В разреженном, еще прохладном воздухе под сводчатым стеклянным куполом вокзала - перемолотный галдеж пассажиров, переклики носильщиков: "Поберегись!", из репродуктора - перепончато-рвущие объявления о камере хранения, детской комнате, экскурсиях по столице. Все сливалось в гул и грохот, и неожиданно атмосфера эта напомнила Фурашову давние дни первой академической сессии. Сидели ночами, готовились к экзаменам, утром вставали трудно. И тогда-то Сергей Умнов придумал: вносил в комнату общежития пустое мусорное ведро, ставил на дно будильник - утром жестяной грохот заставлял ошалело подхватываться всех...

Фурашов улыбнулся и налегке, только с портфелем, потому что не собирался задерживаться в Москве - вечером в обратный путь, - заторопился, обгоняя пассажиров, из-под стеклянного купола вокзала на площадь, полупустынную, с жиденьким рядком разномастных машин-такси, опоясанных по бокам шашечными поясками.

Метро еще не работало - было без двадцати шесть, торопиться некуда: не ехать же в такую рань, будоражить Костю или Сергея? Заседание комиссии в десять, в кабинете маршала Янова. Впереди целых четыре часа! Фурашов подумал: пойти пешком через всю Москву? Как раз явится ко времени и, возможно, приведет после бессонной ночи в порядок мысли. Да, почти год, по существу, не видел Москвы - посмотрит!
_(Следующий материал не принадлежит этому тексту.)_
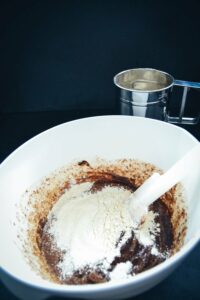 Die Eier kurz aufschlagen und unter die abgekühlte Schokoladen-Creme heben. Am besten geht dies mit einem Spatel.

Он свернул направо, под мост, по которому с шумом пронеслась переполненная электричка. Низкое медно-красное солнце выглазурило дома и еще невзмутненный прохладный воздух розовой прозрачной пленкой. Позванивали трамваи, выворачиваясь из темного чрева моста; по мокрой, политой проезжей части троллейбусы шуршали, как по расплавленному асфальту. Шаги отдавались в пустынной улице, гулко, четко.

У перекрестка, на Садовом кольце, Фурашов чуть не столкнулся с трамваем, вывернувшимся из-за поворота, - длинный дребезжащий звонок заставил Фурашова оторопело остановиться. Мелькнула белая косынка вожатой; распахнутые, битком набитые вагоны с железным, сверлящим скрежетом пронеслись всего в метре, обдав ветерком и спертым теплом. И только тут Фурашов увидел - тротуары гуще заполнились людьми - и понял: отмахал от вокзала добрый путь; за раздумьями, верно, не заметил, как бежало время. "Галопом бегу - и Москвы не увижу". Там и сям торчали изломанные шеи кранов, на площади достраивался высотный дом с башенками и острым, как пика, шпилем; два игрушечных крана чудом прилепились у его макушки. Москва... Она явно хорошела, наряжалась. С приглушенной, тупой тоскливостью кольнуло: "Вот уехал, бросил. И с Валей бы..." Желтая "Победа" с зеленым глазком вынеслась из-за угла противоположной стороны улицы, и Фурашов внезапно подумал: "А если... махнуть на Октябрьское поле, посмотреть, где жил... Успею!"

Вскинул руку.

Водитель - курносый, редкозубый - вез скоро; на улицах, на переходах теперь было полно народу, и шофер посмеивался, крепкословил, когда кто-либо неосторожно, торопливо перебегал перед самой машиной.

На Октябрьском поле, у дома, Фурашов попросил остановиться, вылез из машины. Внизу, по первому этажу дома - стеклянные витрины универмага, заставленные манекенами, образцами товаров. Рядом достраивался новый дом, дальше вставал остовами целый район застройки. И теперь, как тогда, когда Фурашов в прошлом году искал здесь свой дом, тоже возвышались краны, их было не меньше, но уже дома теперь не торчали одиноко, как зубы в щербатом рту, - высокие коробки встали плотно, одна к одной.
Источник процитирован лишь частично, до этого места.